» **Problem**
Only the lines from the beginning of the data through the line holding "О закреплении территорий" belong in the answer, printed exactly and without pictures.

########################################

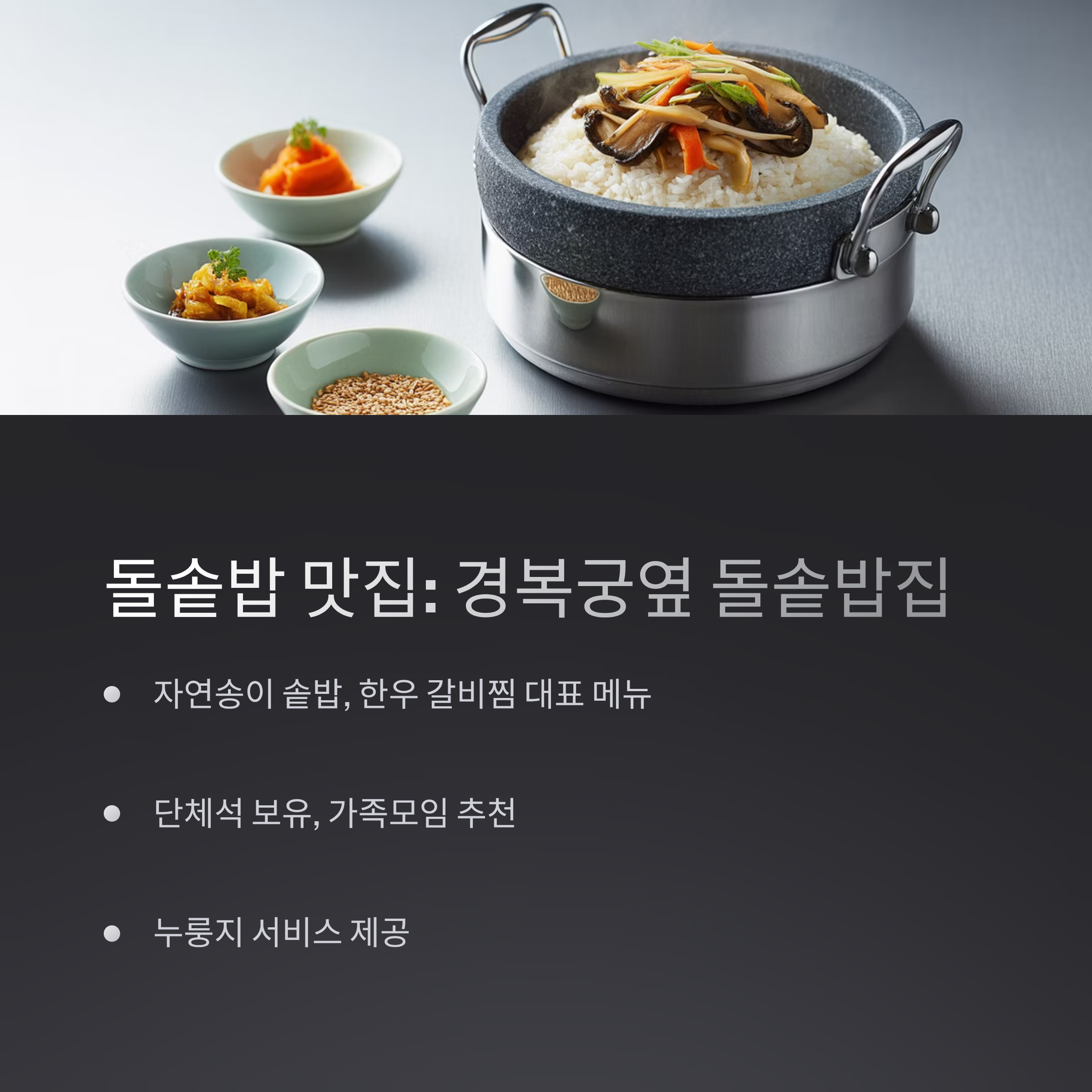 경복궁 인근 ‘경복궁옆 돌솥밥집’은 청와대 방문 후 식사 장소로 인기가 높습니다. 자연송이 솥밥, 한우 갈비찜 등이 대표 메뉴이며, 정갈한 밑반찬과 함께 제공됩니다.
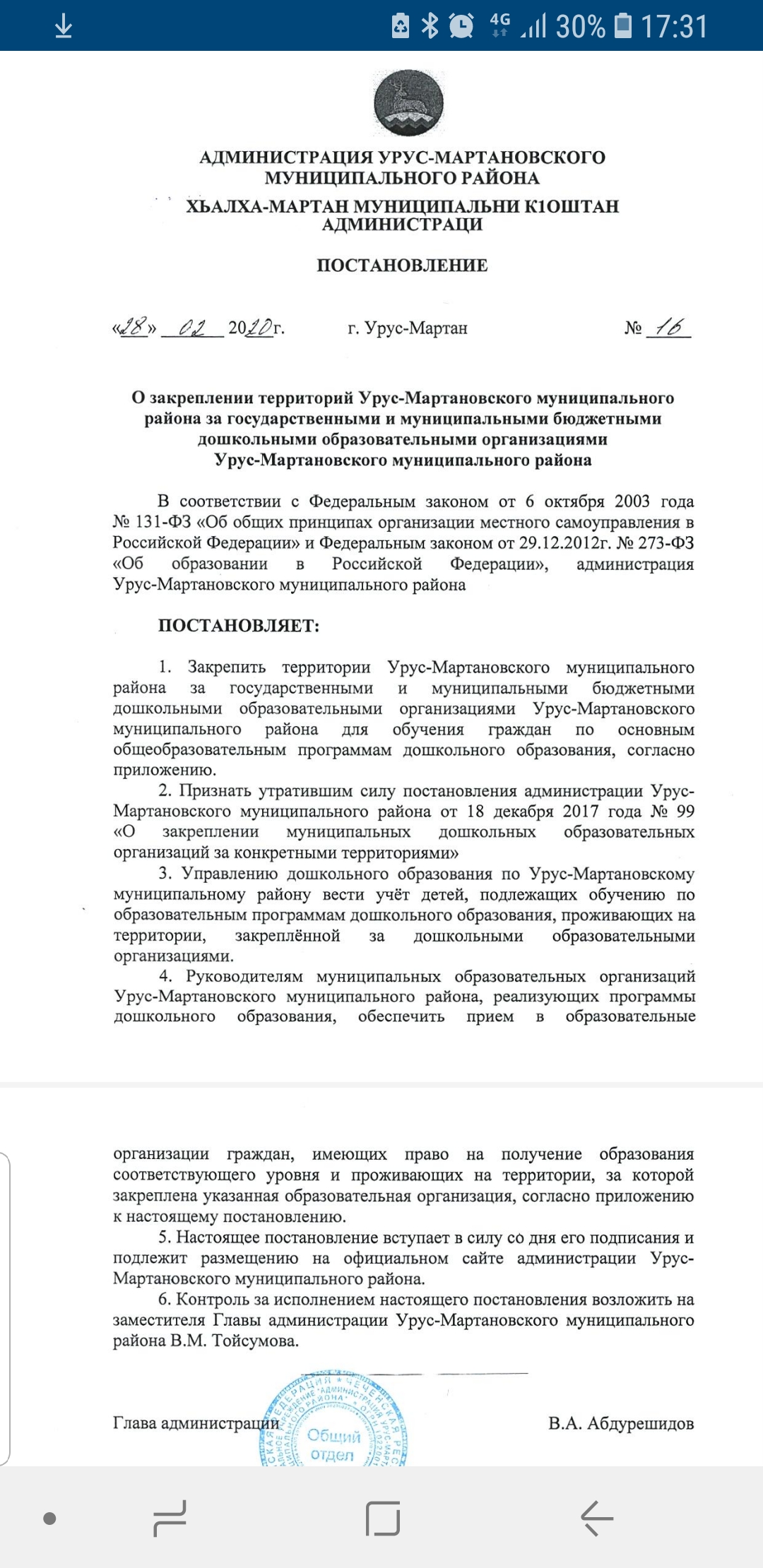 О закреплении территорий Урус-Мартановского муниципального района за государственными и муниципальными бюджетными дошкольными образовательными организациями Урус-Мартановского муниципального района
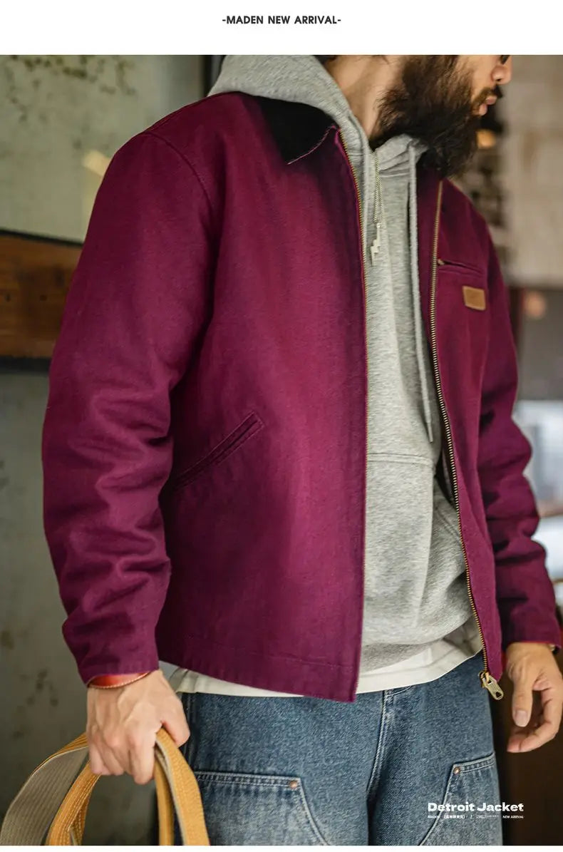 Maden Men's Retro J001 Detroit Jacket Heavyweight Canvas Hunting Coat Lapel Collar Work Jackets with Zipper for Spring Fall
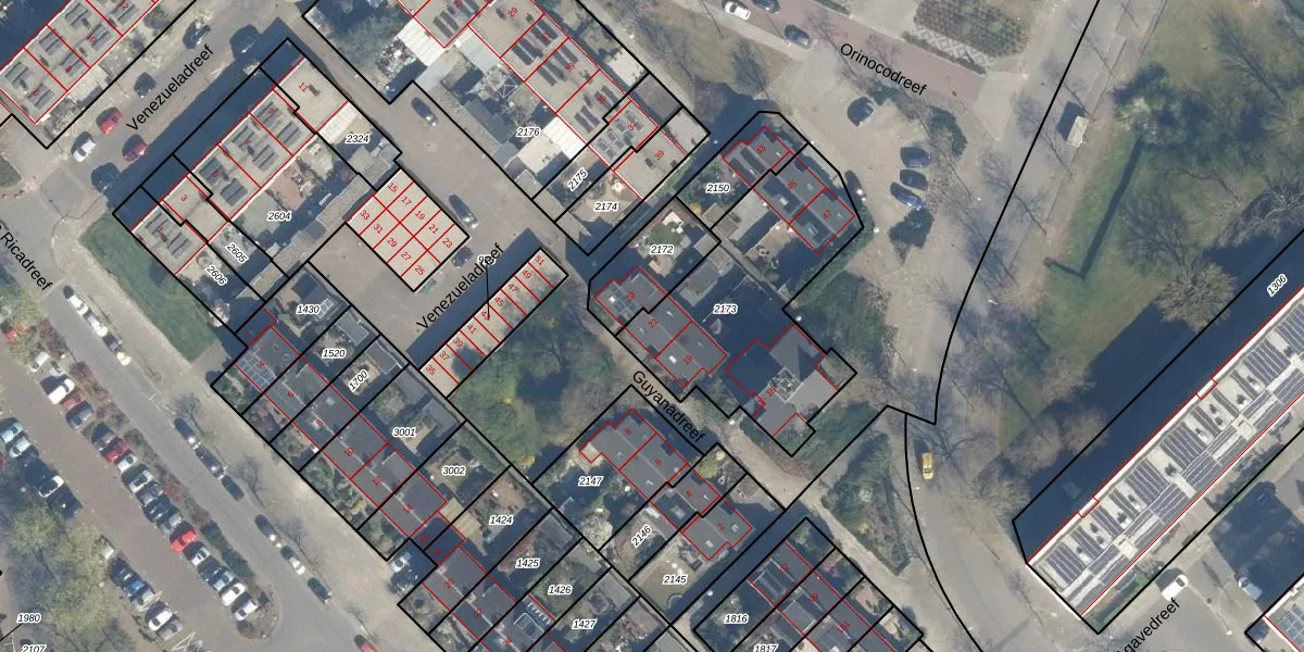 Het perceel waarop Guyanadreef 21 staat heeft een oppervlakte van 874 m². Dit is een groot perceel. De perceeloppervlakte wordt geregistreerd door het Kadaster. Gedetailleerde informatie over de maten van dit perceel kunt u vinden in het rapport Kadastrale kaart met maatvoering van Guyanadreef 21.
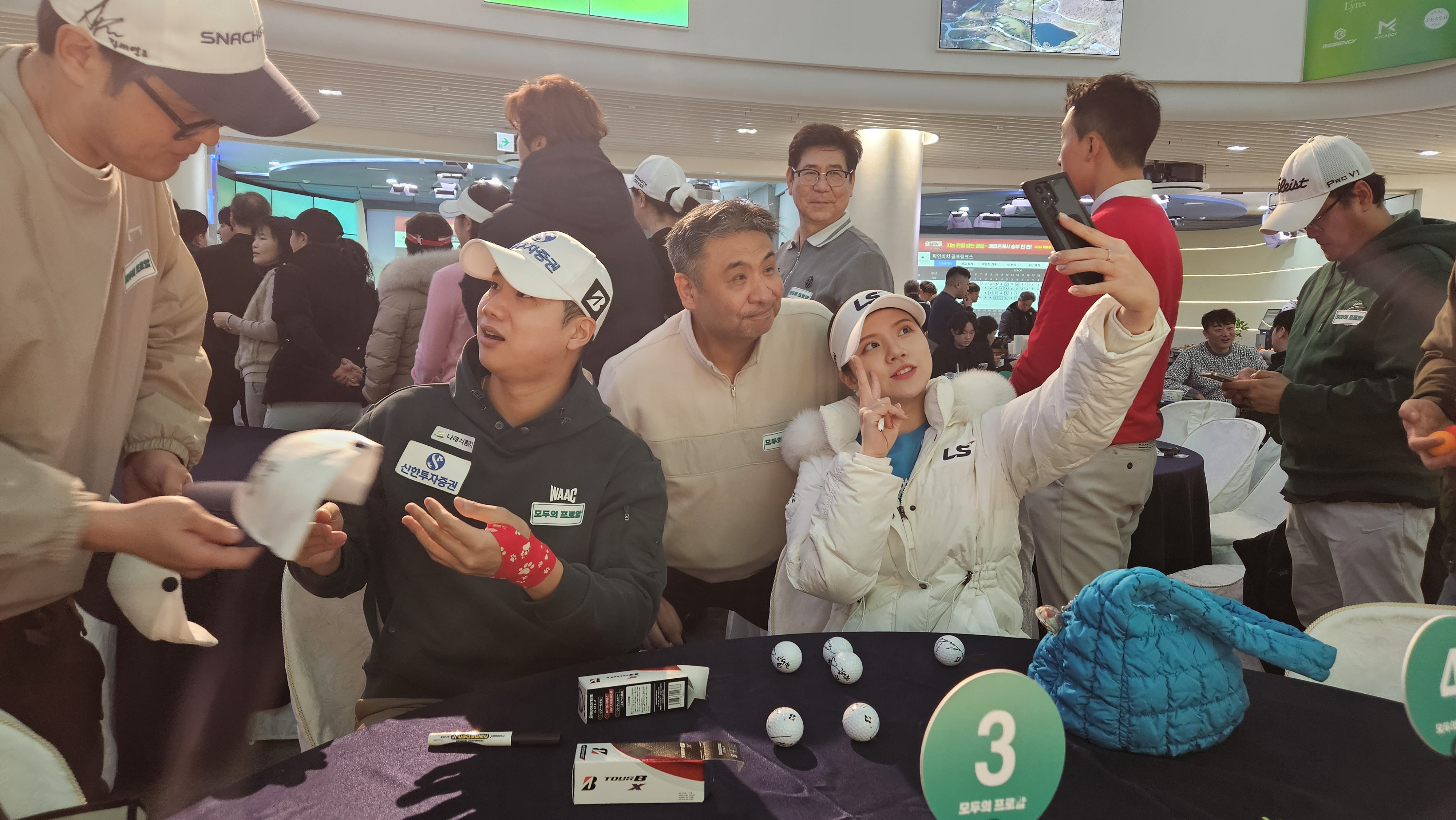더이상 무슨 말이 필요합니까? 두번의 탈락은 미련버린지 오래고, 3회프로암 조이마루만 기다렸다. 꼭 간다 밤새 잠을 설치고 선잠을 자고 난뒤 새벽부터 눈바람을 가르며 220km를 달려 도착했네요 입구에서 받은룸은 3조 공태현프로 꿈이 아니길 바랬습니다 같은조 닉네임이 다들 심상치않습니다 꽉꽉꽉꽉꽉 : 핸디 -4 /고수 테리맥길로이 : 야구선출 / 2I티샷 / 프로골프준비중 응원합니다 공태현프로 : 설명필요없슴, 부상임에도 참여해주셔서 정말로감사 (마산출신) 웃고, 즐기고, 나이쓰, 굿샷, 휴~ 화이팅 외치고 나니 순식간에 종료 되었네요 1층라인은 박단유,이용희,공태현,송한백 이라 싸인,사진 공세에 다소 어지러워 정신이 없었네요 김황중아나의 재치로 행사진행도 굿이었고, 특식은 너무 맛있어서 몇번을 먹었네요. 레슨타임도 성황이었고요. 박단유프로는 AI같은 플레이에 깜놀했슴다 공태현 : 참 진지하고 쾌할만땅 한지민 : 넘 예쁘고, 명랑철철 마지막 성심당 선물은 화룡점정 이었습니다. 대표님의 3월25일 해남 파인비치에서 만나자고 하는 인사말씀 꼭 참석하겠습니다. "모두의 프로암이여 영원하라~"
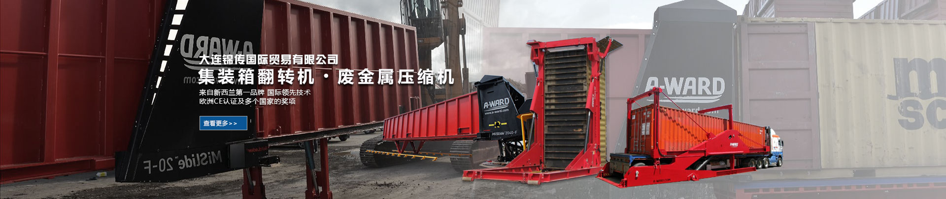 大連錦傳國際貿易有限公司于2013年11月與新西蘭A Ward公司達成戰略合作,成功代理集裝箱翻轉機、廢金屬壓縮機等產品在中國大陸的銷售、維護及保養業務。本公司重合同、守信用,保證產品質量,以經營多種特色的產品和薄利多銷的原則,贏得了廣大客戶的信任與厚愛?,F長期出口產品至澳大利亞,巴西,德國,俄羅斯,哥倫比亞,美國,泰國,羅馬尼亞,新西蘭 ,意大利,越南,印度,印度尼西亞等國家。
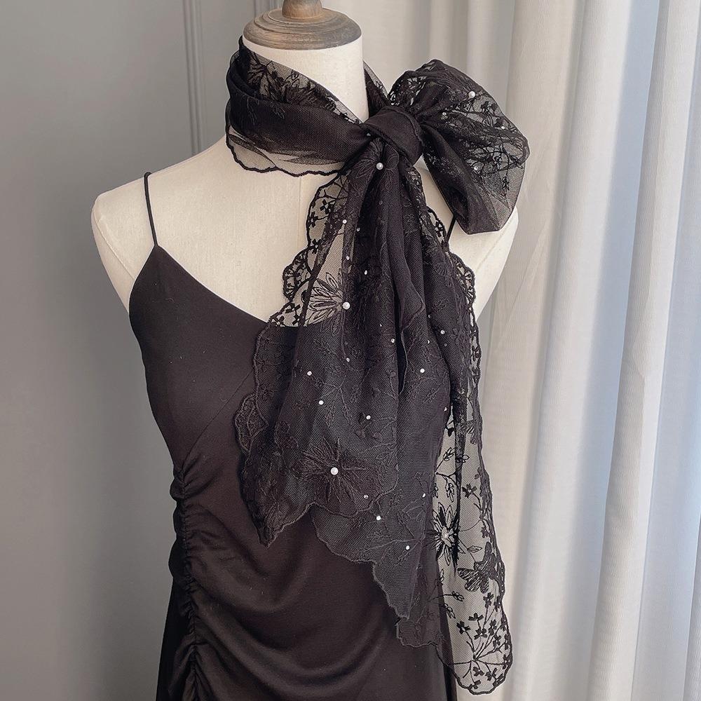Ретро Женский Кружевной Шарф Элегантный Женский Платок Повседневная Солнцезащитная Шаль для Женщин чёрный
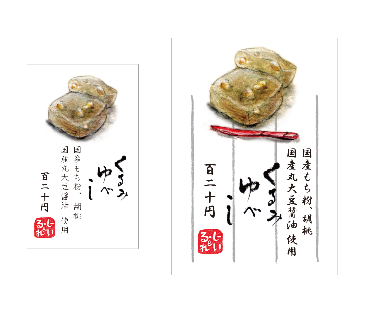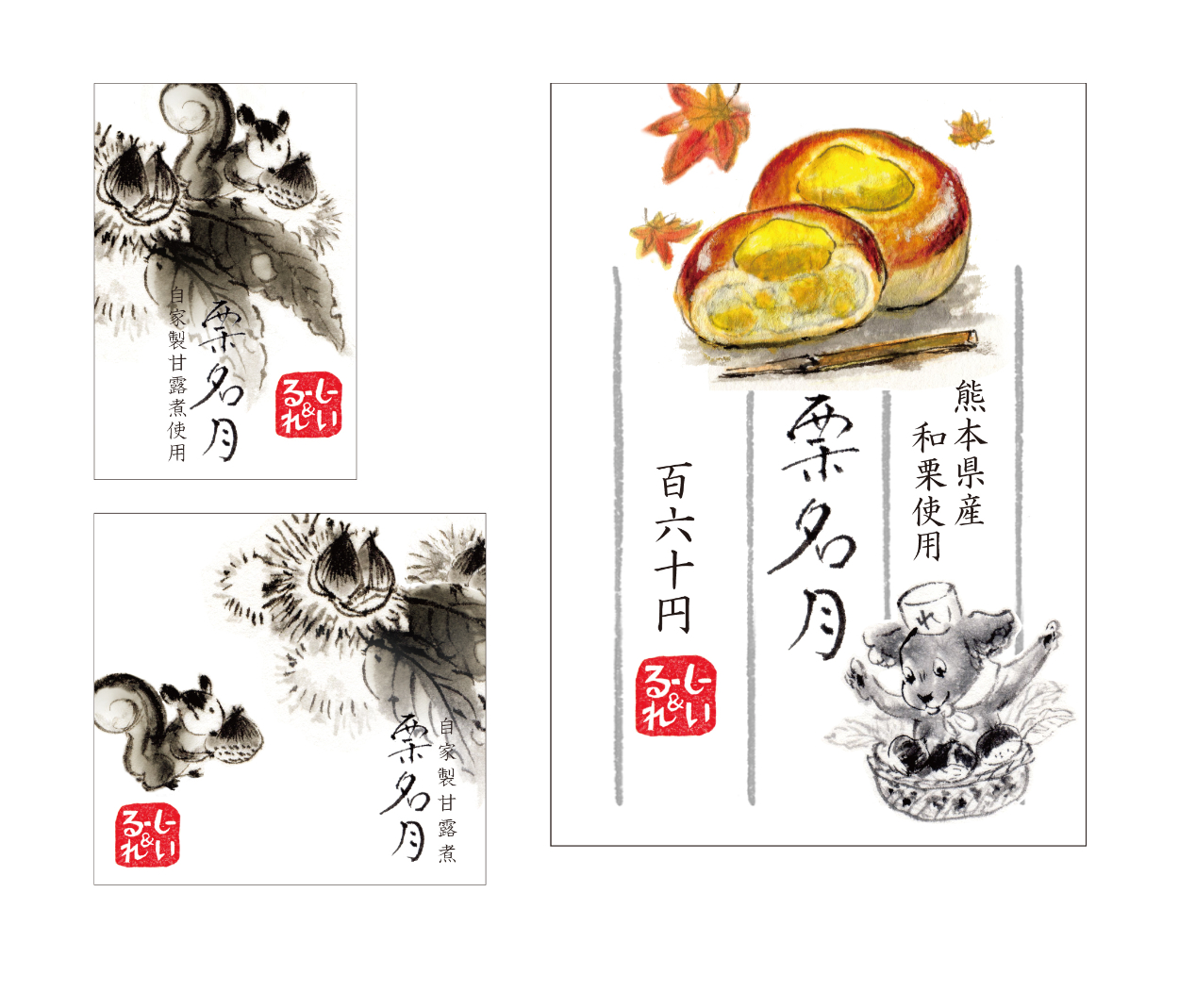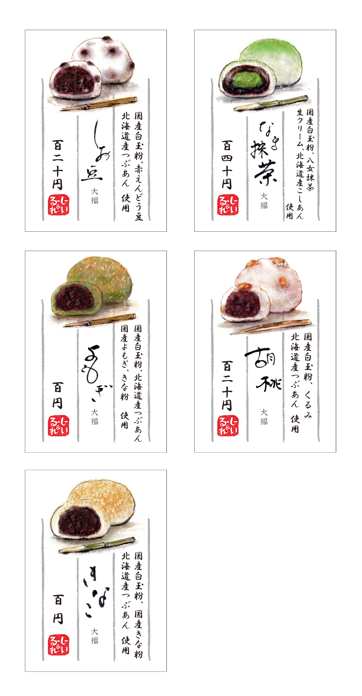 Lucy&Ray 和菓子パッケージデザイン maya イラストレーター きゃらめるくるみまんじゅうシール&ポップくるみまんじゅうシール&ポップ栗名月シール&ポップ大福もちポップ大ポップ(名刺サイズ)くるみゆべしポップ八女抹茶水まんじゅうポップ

########################################

» **Solution for this task**
 경복궁 인근 ‘경복궁옆 돌솥밥집’은 청와대 방문 후 식사 장소로 인기가 높습니다. 자연송이 솥밥, 한우 갈비찜 등이 대표 메뉴이며, 정갈한 밑반찬과 함께 제공됩니다.
 О закреплении территорий Урус-Мартановского муниципального района за государственными и муниципальными бюджетными дошкольными образовательными организациями Урус-Мартановского муниципального района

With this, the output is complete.